If you are studying human beings, you are trying to understand what they are up to. You cannot ignore their point of view, even if their point of view can only be known in your imagination. In this way you can’t escape the “from the inside point” of view; and your “from the inside point of view” cannot escape involving an  understanding of how human beings work in general; in other words, a “from the outside point of view” creeps in. Your “from the inside point of view” involves anthropology in that it draws on general theories about how human beings think, and your “from the outside point of view” includes ethnography. You cannot hope to understand other human beings without assuming that you are the same kind of being as them. This makes our discipline awkward theoretically ... but I think this tension between the outside and inside point of view is interesting. This creative awkwardness makes anthropology, as it goes on in anthropology departments, fairly different to other human sciences. You cannot treat human beings as though they were ants, but you cannot understand them without general scientific considerations.

So do you think anthropology is possible?

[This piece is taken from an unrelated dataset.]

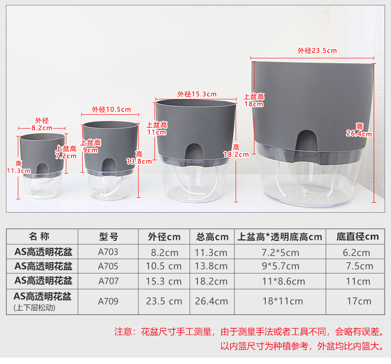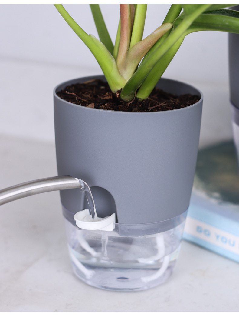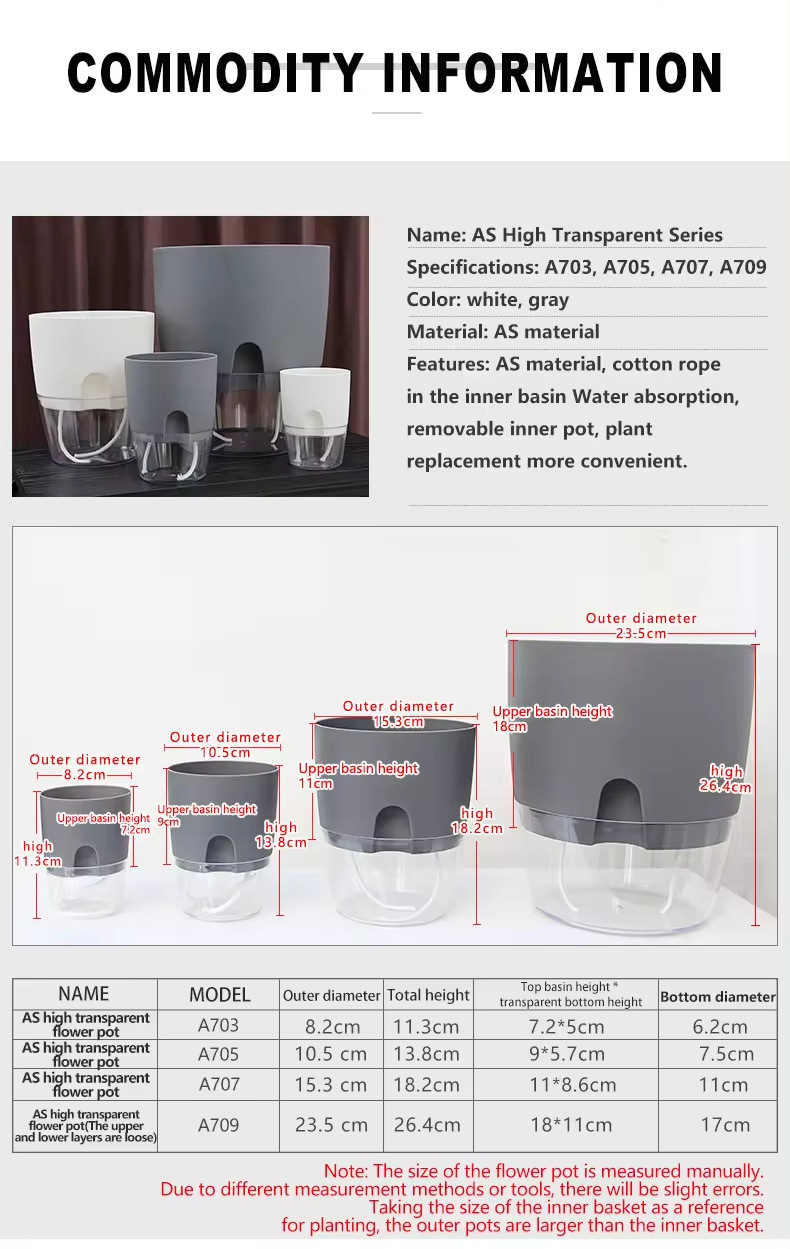 Olinze 플라스틱 화분 가정용 자체 흡수성 게으른 화분 간단한 투명 이중층 화분 다육 화분 작은 화분스토어 가기

I think it is possible if we accept the tension. If you think your job as simply doing ethnography then there would seem to be no reason to have anthropology departments. Different people in those departments would not really have anything to say to each other. In any case, as I was just saying, one cannot do ethnography without implying anthropological theories. On the other hand, a purely external view of the history of humanity would not tell us anything that we are very interested in.

You feel like the two needs meet in the middle? Anthropology and ethnography?

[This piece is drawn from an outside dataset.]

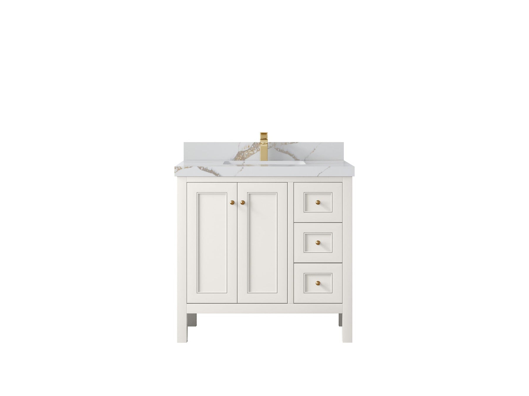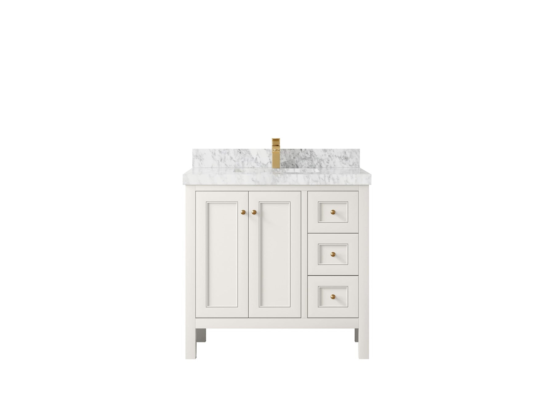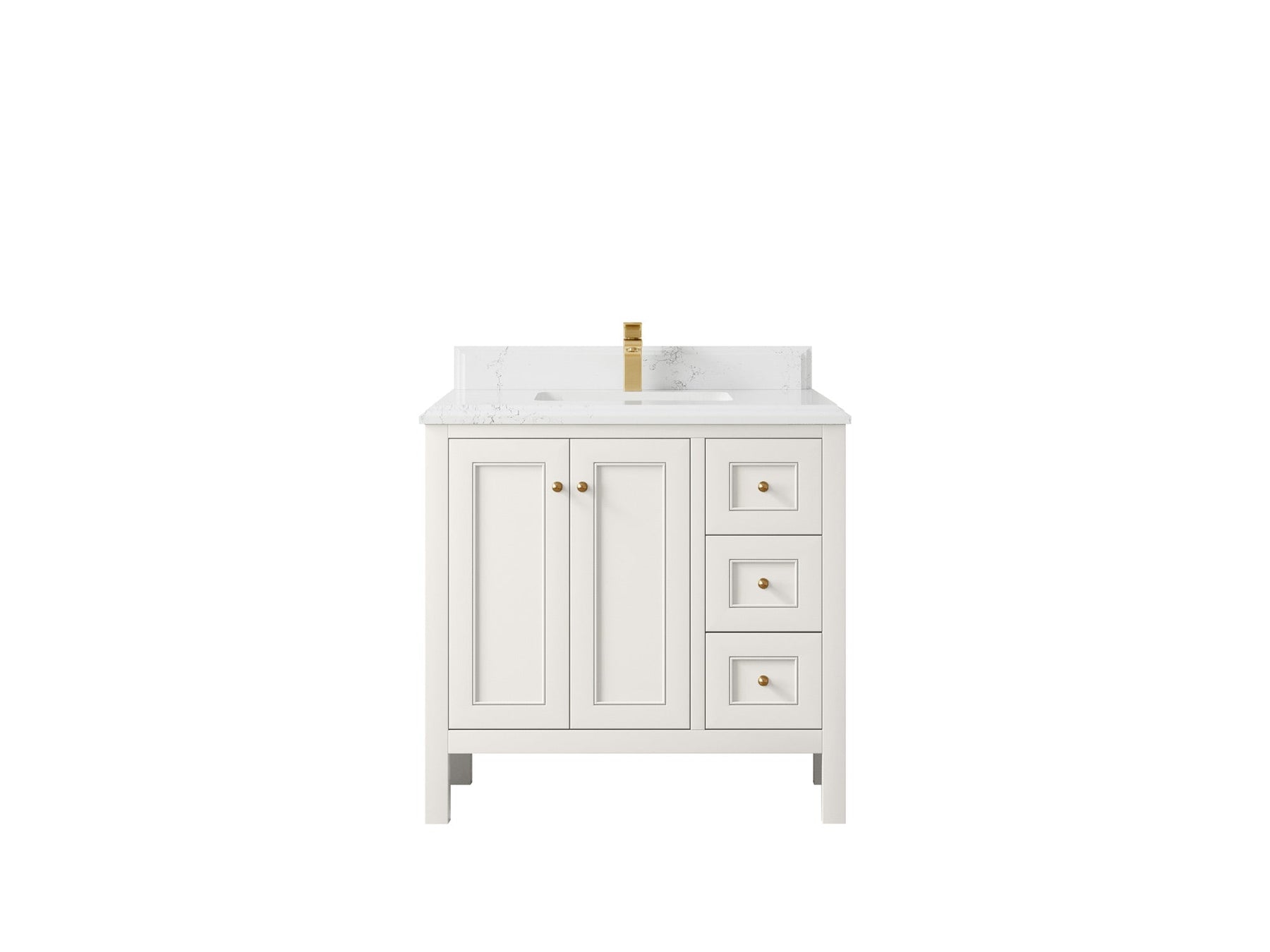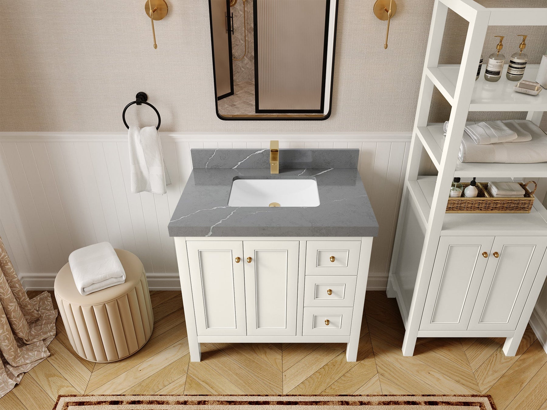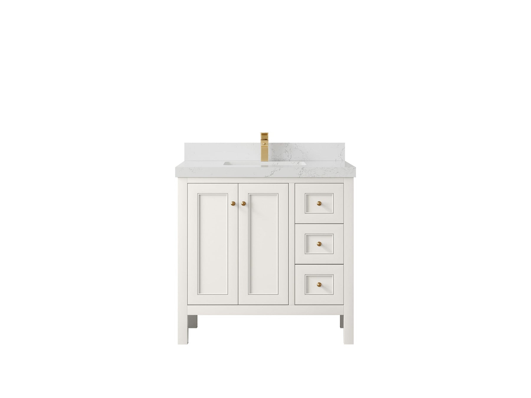 Faucet Hole(S): Comes with Single Faucet, 8 (in.) Widespread Faucet, Wall mount Faucets - Only Available for White Quartz and Carrara Quartz. (PLEASE ADD THIS CONFIGURATION UNDER COUNTERTOPS SECTION )

Yes, the two continually challenge each other. Let’s take the example of “religion”. This became clear to me when working in a remote village in Madagascar. It made me realise how the very notion of “religion” was highly historically specific and is inappropriate as a general theoretical tool. Asking about the kind of religion that might exist in that village already imports a serious mistake. It implies that whatever the word “religion” can be made to mean in English is a general characteristic of our species and must exist somehow everywhere. If you think of the kind of ancestor worship which goes on there as a kind of “religion” you are inevitably misled. Admittedly, by doing this you recognise in these practices something which the English word does evoke, but you have missed its core. Recognising that sort of mistake is the challenge which ethnography brings to anthropology.
However, ethnography as our only aim removes the very reason to have a subject called anthropology. It is not an accident that the anthropology which has had influence on popular ideas about humans is that of the 19th century anthropologists.  That is  because these anthropologists, unlike subsequent ones, were proposing answers to the legitimate questions which ordinary people ask. We are being bombarded with evermore data in the press and elsewhere about discoveries in archaeology and psychology, and people want to know what it all adds up to. I think a part of our job as anthropologists is to try to supply some sort of answer. Maybe not half as nice and simple an answer as they think they will get but, at least, we will be saying something about what people want to know.

Do you have the sensation that we didn’t pick up the ball again when we kind of said “you’re wrong because so and so, but we’re going to leave it there now, and just move on with our own interests” - while the population is being left without an answer to the big questions?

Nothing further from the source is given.